Ich kam so hoch, dass ich am Ende nicht mehr essen und trinken musste und die hohe Umgebung sogar im Schlaf spürte. Ich empfand das alles als außerordentlich und dachte: eigenartig, dass die meisten Menschen gar keine Ahnung haben, was für Möglichkeiten in ihnen stecken, dass sie sich so gefangen nehmen lassen von ihrem Alltag! Ups!! Plötzlich hing ich viel tiefer und beschloss, mit meinen Gedanken in Zukunft lieber in den oberen Regionen zu bleiben.
Irgendwann gelangte ich auf ein neues Plateau, das heißt, ich weiß gar nicht, ob es eins war, denn es war völlig durchsichtig. Es schien aus ganz dünnem Glas zu bestehen. Die Gaze für die Flügel war kaum noch wahrzunehmen. Sie ließ regenbogenfarbiges Licht durch, und ich war von der Schönheit meiner Flügel begeistert. Sie schmiegten sich fast automatisch an mich. Alles erschien mir wie ein Wunder. Ich hatte inzwischen schon so viele besondere Erfahrungen gemacht. Jetzt aber schien es mir, als sei ich am Ende meiner Reise angekommen. Es war einfach wunderschön hier.

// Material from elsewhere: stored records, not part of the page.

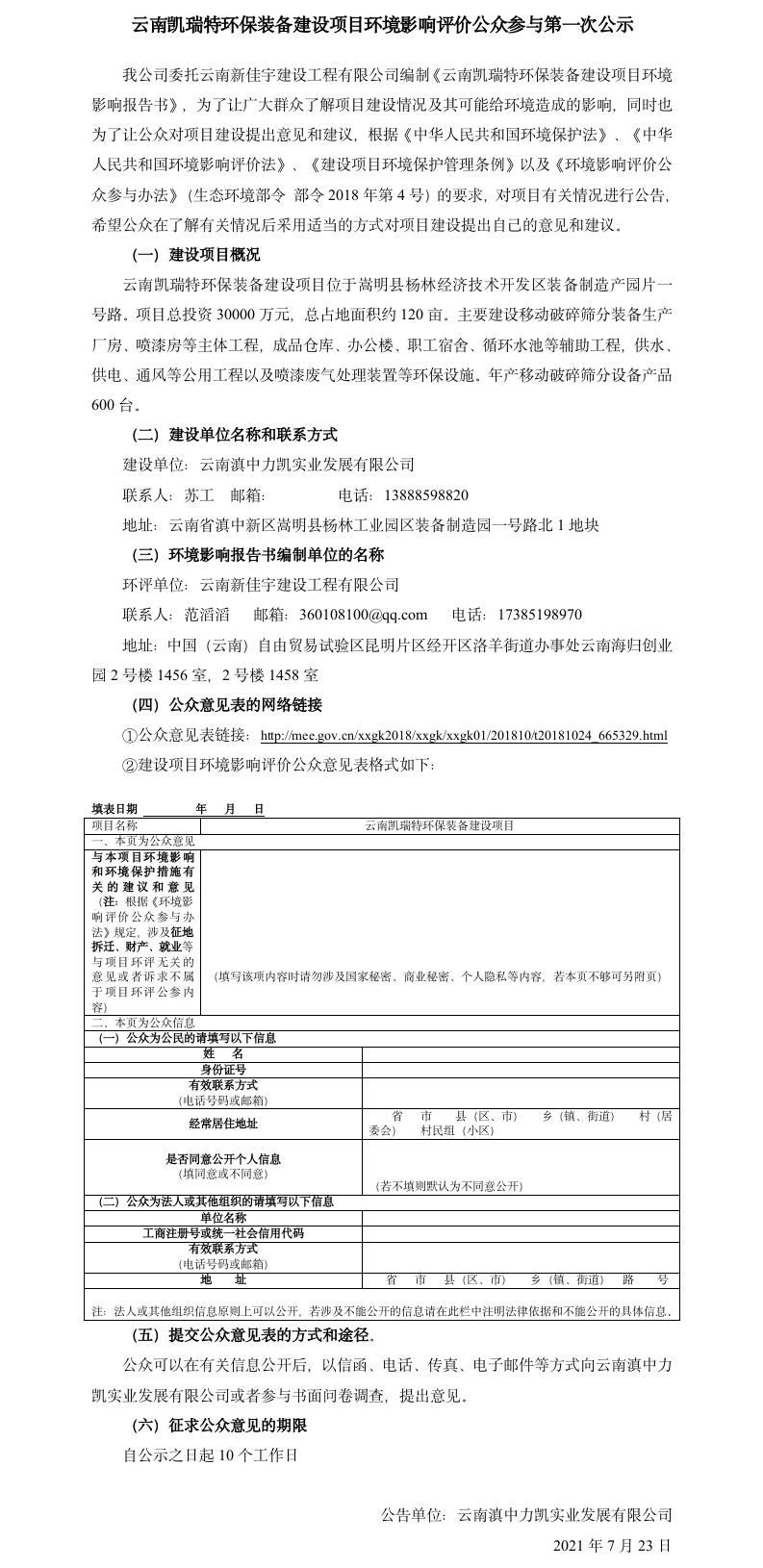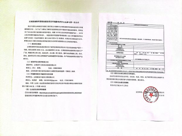 云南凱瑞特環(huán)保裝備建設(shè)項(xiàng)目環(huán)境影響評價(jià)公眾參與第一次公示
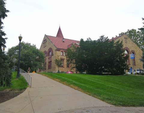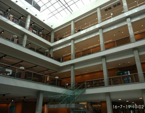 ...个很有年代的学校了,这所大学的图书馆是一个很古老的建筑,几十年的历史,大学有很多不同肤色的学生
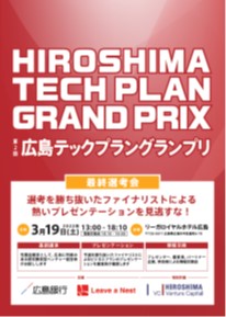 先月の3月19日(土)にリーガロイヤルホテル広島にて「第2回広島テックプラングランプリ」(主催:広島銀行・株式会社リバネス)の最終選考会が開催され、これまで明らかにしてきた研究成果をもとに、社会の抱える課題をどう解決していくかに関してプレゼンテーションしてきました。ちなみに、この会合は新型コロナウイルス感染症に対する徹底した感染対策が実施された中で開催されました。
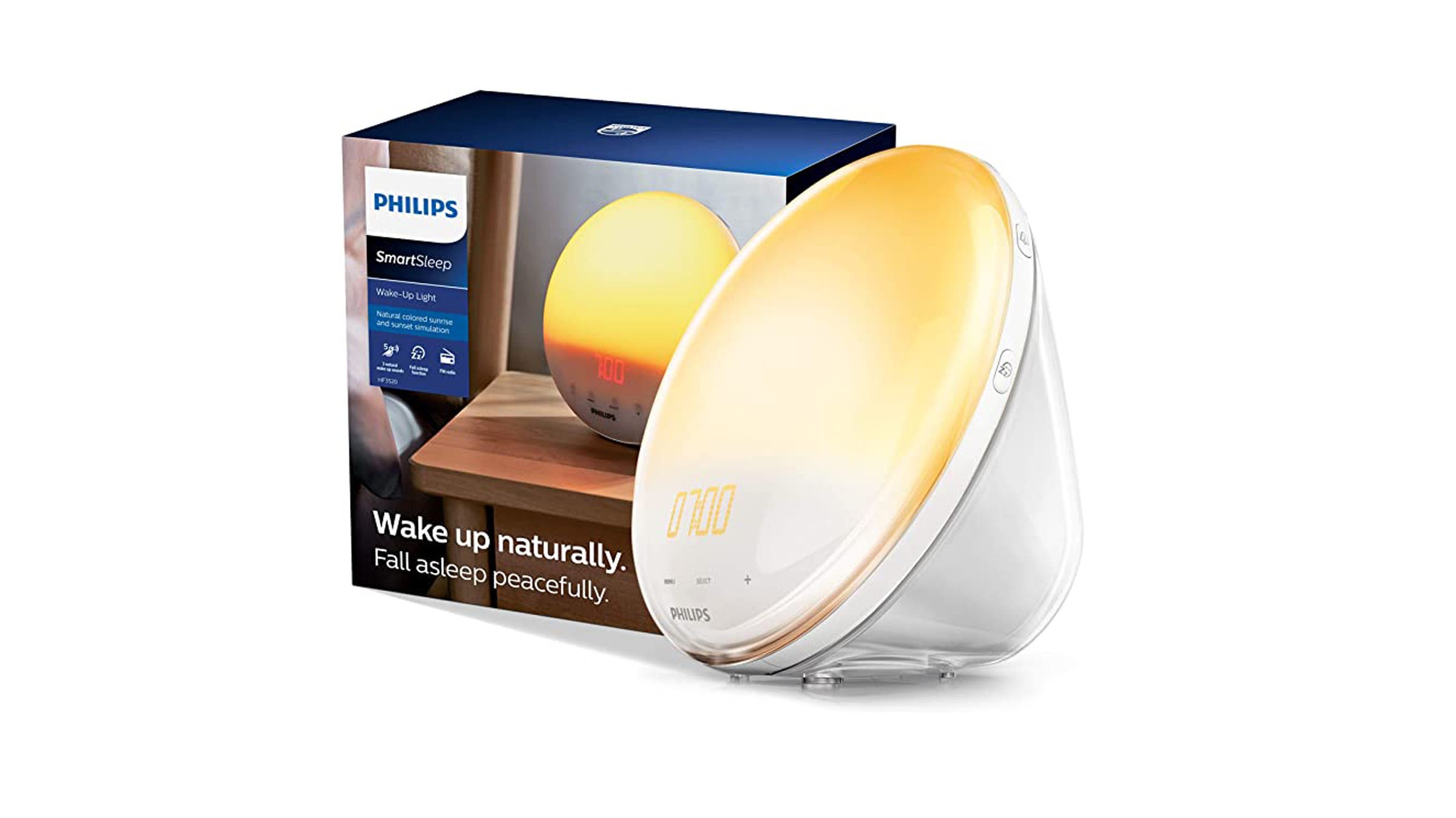 Rather than jar you out of bed with bells or chimes, this combination alarm clock and bedside lamp gradually brightens starting 30 minutes before you want to wake up. The process culminates with a bright yellow glow and the sound of birds, ocean waves, or the radio.

Die Menschen waren freundlich und höflich und hatten eine ganz besondere Statur. Ihre Flügel verursachten Wellen von Regenbögen, und ich konnte mich nicht satt daran sehen. Ich schlief jetzt überhaupt nicht mehr und flog weiter und weiter, von Freude erfüllt.
Und noch ein weiteres Plateau
Da trat mir ein weiteres Plateau vor Augen. Das Wort Plateau ist eigentlich viel zu real für das, was ich sah. Meine Flügel waren bereits fertig, als ich auf ihm ankam, und ich konnte meine Augen nicht von ihnen abwenden, so faszinierend waren sie. Gibt es so etwas: einen leichten und hauchdünnen Diamanten? Ich weiß es nicht, aber ich hatte noch nie etwas so Schönes gesehen. Bald war ich von Menschen umgeben, die gar keinen festen Körper mehr zu haben schienen und ich fühlte nichts als Liebe. Das muss der siebte Himmel sein, dachte ich. Zu meinem Erstaunen sah ich hier alle möglichen Gebäude: elegante Schlösser, große Kirchen und jede nur erdenkliche Schönheit, umgeben von Wäldern, Bergen und Tälern mit Blumen, und überall herrschte Freude. Ich hörte eine Art Gesang, der mich bezauberte. Das ist Seligkeit, dachte ich. Nichts kann schöner sein als dieser Himmel. Ich war unter strahlenden Menschen, alle besaßen einen goldenen und zugleich weißen Glanz. Ich hatte das Gefühl, hierher zu gehören und nun nicht noch höher gehen zu müssen. Zumindest meinte ich das eine zeitlang.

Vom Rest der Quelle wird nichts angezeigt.